The Valley of the Shadow

 Published in the Mountain Gazette, March 2006

            It was just an afternoon ski, up the Slate River valley, but like a lot of things these days, it made me think about dying.

            A narrow valley, and the mountains to either side go up so steeply to the sky that the low winter sun doesn’t linger long in the afternoon. I’d thought I might ski up to the old Pittsburg townsite, not because there would be anything going on up there but just because it’s a kind of a marker, a former outpost of mostly human culture in otherwise mostly omniscient nature; it’s a good place to go to and turn around if you’re just out for exercise, or for the beauty of the day. It’s also where the road doubles back on itself and starts to seriously climb out of the valley toward Paradise Divide; you don’t just start up that part of the road in the late afternoon in December unless you’re seriously prepared for something more than a little leisurely mucking about on skis.

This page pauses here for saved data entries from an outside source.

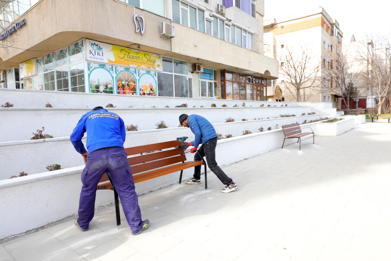 Pe de altă parte, Serviciul Dotări Urbane montează zilele acestea bănci și coșuri de gunoi pe bulevardele Alexandru Lăpușneanu, 1 Decembrie 1918, 1 Mai, șoseaua Mangaliei. Cele mai multe dintre ele sunt amplasate în zone de recreere cum ar fi piațeta din zona Dacia, proaspăt reabilitată, piațeta din zona ICIL, dar și de-a lungul bulevardelor menționate.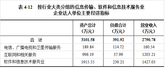2023年末,信息传输、软件和信息技术服务业企业法人单位资产总计3101.58万元,比2018年末下降13.43%;负债合计391.92万元,比2018年末下降57.48%。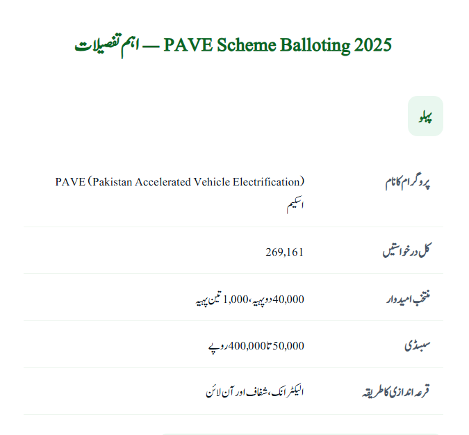 The PAVE Balloting Scheme 2025 marks a historic milestone for Pakistan. It is not just a subsidy scheme but a practical step toward creating a “Green Pakistan.” By making affordable and clean electric vehicles accessible to citizens, the program will not only ease daily travel but also strengthen the country’s economy.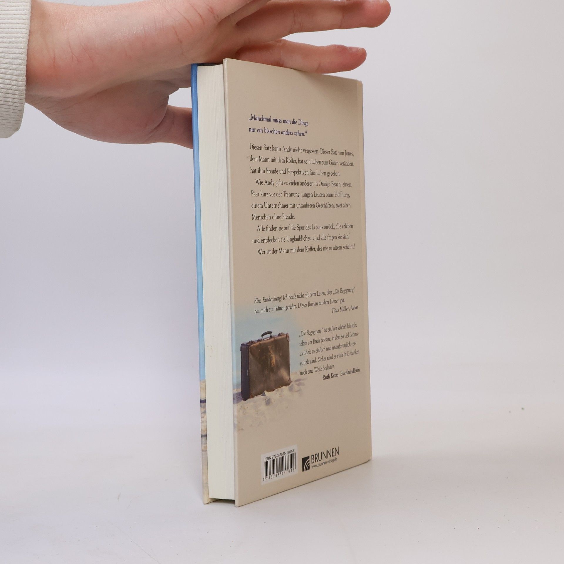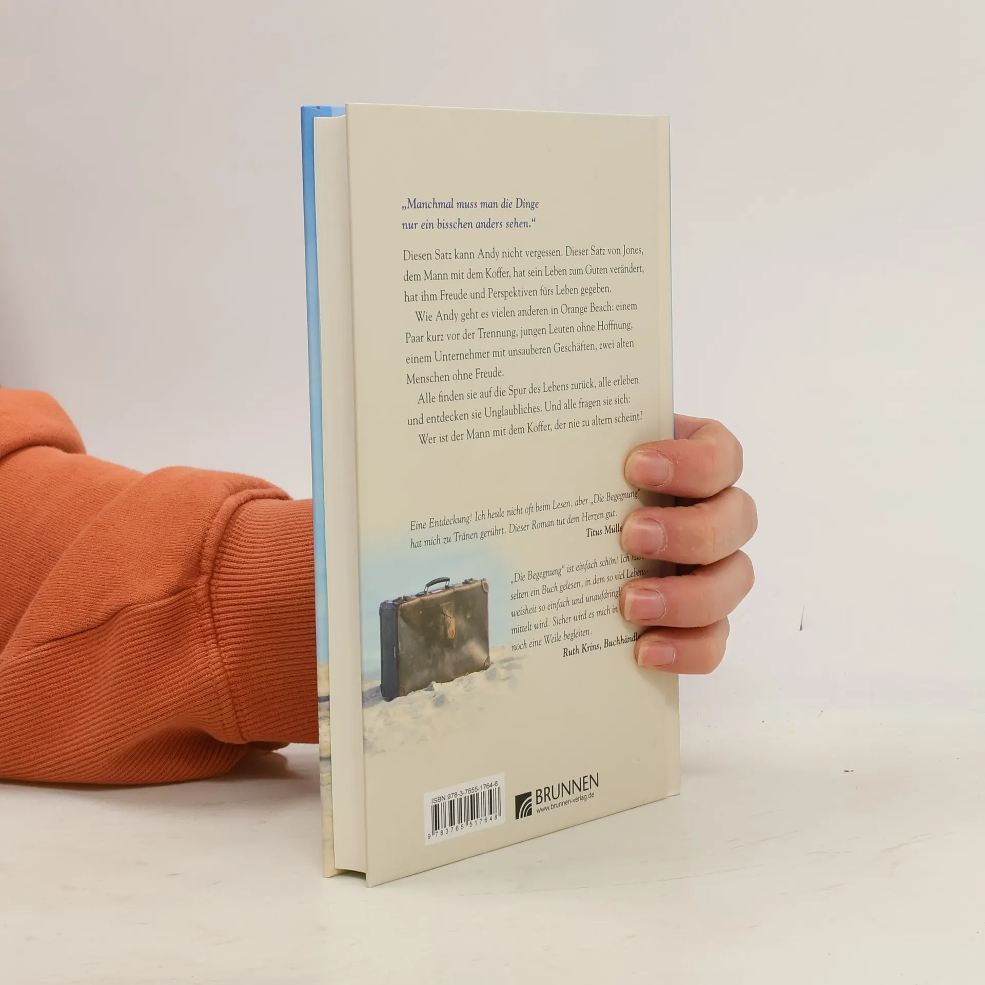 Der weißhaarige Jones taucht eines Tages bei dem jungen Andy auf, und später auch bei einigen anderen Frauen und Männern von Orange Beach, einer kleinen Stadt, in der es zugeht wie überall: Ehen kurz vor der Scheidung, junge Leute ohne Hoffnung, Geschäftsleute mit unsauberen Geschäften, alte Menschen ohne Freude. Durch Jones entdeckt einer nach dem anderen etwas verloren Geglaubtes: eine neue Perspektive. „Manchmal muss man die Dinge nur ein bisschen anders sehen“, fordert Jones resignierten Andy auf und hilft ihm zu sehen, was er bislang übersehen hat. Und der junge Mann, der früher unter der Brücke schlief, entdeckt Unglaubliches, er erlebt genauso Unglaubliches wie alle anderen auch. Irgendwann treffen sich alle und fragen sich: Wer ist der Mann mit dem Koffer, die nie zu altern scheint?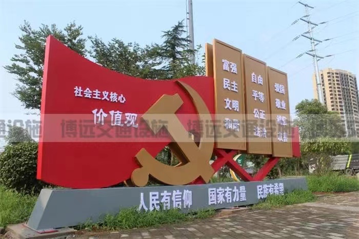 由于現(xiàn)在很多的場所都會響應(yīng)號召,黨建標(biāo)牌也成為了當(dāng)下比較盛行的的黨建思維宣揚形式,所以黨建標(biāo)牌在建設(shè)的時候要做到創(chuàng)意新穎、造型獨特,但不能偏離黨建思維,事實上黨建標(biāo)牌和社會主義價值觀標(biāo)牌在設(shè)計風(fēng)格上多多少少都有相似之處,主色調(diào)都是赤色為主,表現(xiàn)出明顯的特征。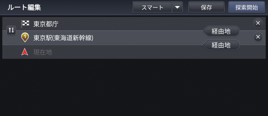 経由地や目的地の右側のを選択すると、ルートからその地点を消去します。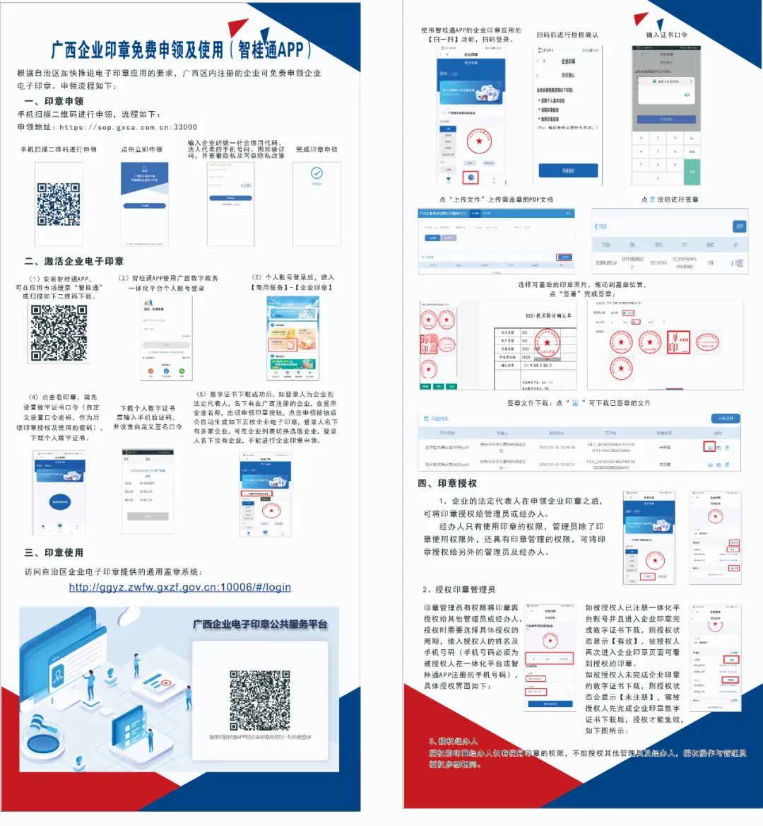 A:广西全区统一企业电子印章公共服务平台是自治区统一建设的平台,给广西区内注册的企业免费发放包括:公章、合同章、财务章、税务章、法人章等5枚电子印章。
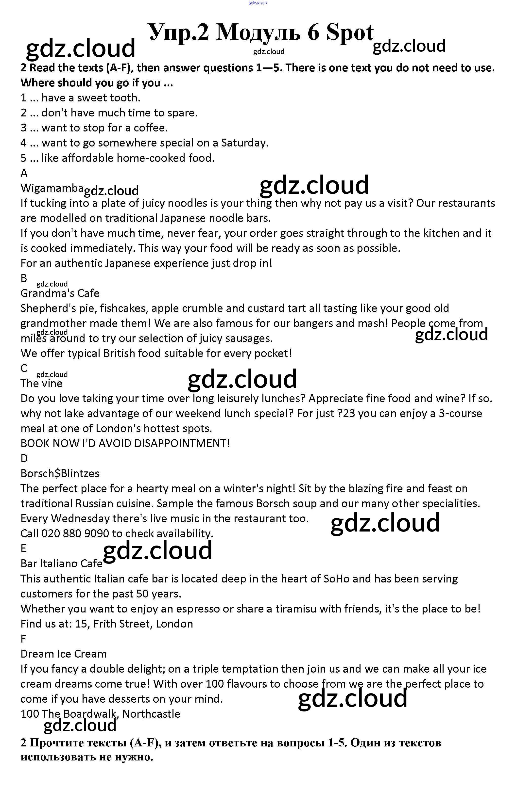 Ответ на задание 2 Рабочая тетрадь Английский язык за 10 (десятый) класс Афанасьева, Дули, Михеева, Оби, Эванс Spotlight Базовый уровень 2015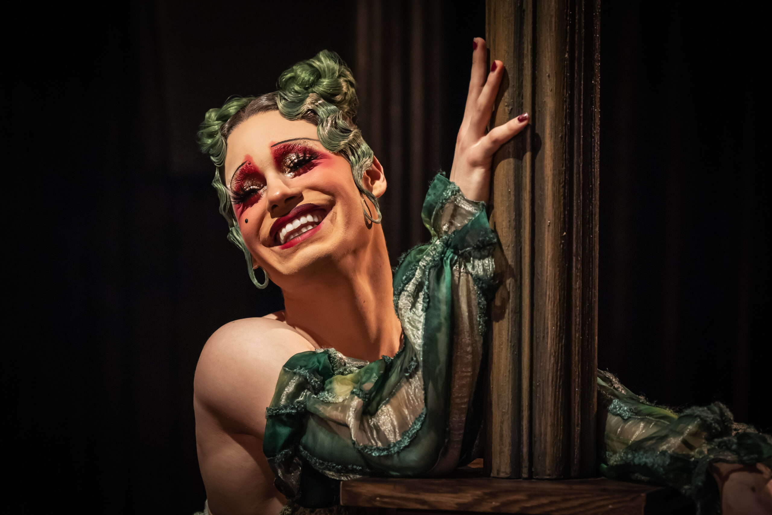 Details bring a story to life, but they’re all the more important in this current Broadway production of Cabaret. Directed by Rebecca Frecknall, this revival of the timeless musical is an immersive experience: audience members are handed a shot of cherry schnapps at the door and dinner-service seats surround the arena stage. A challenge with staging a show in the round is that there are no backdrops and minimal props, giving the cast fewer resources to set the scene. But this is where the creativity of Hair & Wig Designer Sam Cox and Makeup Designer Guy Common truly shines through.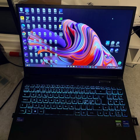 laptop med bakgrundsbelyst tangentbord i flera färger. Skärmen visas med Windows 11 Home installerat. Datorn lämpar sig för allmän användning som arbete, studier och underhållning. Fungerar väldigt bra håller bra temp, spelat lite då och då på den men har stationär just så denna samlar mest damm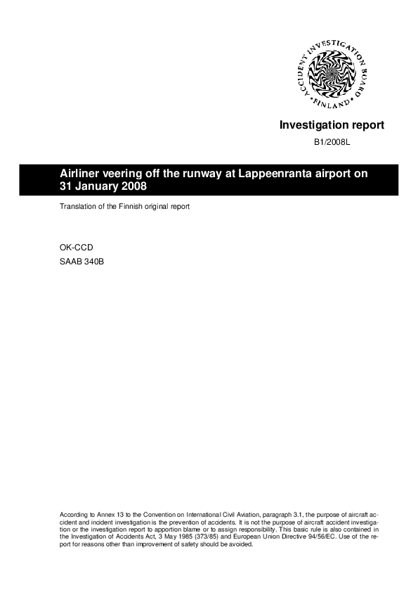 AIB - Investigation report B1/2008L, SF34 Runway excursion, Lappeenranta Finland, 21 Jan 2008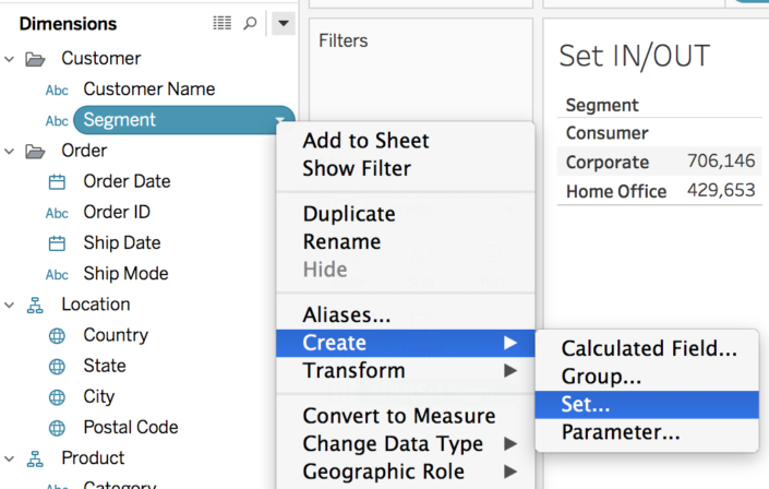 Om een set te maken, klik je met je rechtermuisknop op een dimensie in je data pane en ga je naar Create > Set.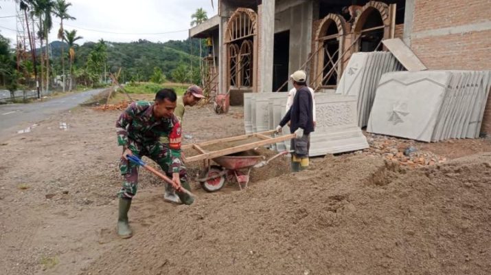 Jalin Kebersamaan Babinsa Gotong Royong Bangun Masjid

            But I was still a couple miles down from the old townsite when I realized the night was coming down the valley faster than I was going up it. There it was, just ahead: not exactly a hard line, but a very distinct transition. I was gliding down a slight slope in the bright (if deeply slanted) sun, and ahead was a deep blue twilight. Far up the valley—really far—the sun still lit the tops of the distant peaks, but filtered as it was by the deep twilight below, it was not a warm light. Beautiful, all of it, achingly beautiful, but cold, cold.

            So I glided to a stop that afternoon, in the penumbra of the coming night—went into the deep orange-violet light where the sun was visibly dropping down behind the high southern ridge. And was immediately chilled—got out the windbreaker, got my gloves out of my pocket. The sun was still on the steep north slope just above me, but I could see its not-so-slow withdrawal up the slope. And I thought, that day: a good place to turn around—go with the shadow back down the valley.

            And it all of course made me think about dying.

                                                                                    *

            While I don’t consider myself to be an especially morbid person, I’ve been thinking about dying often, these days. I’ll hasten to add that this is still a largely abstract preoccupation with me. I have friends for whom it is less abstract, friends who are going to die within the next year or two or five, and who know it and know why. Some of them younger than I.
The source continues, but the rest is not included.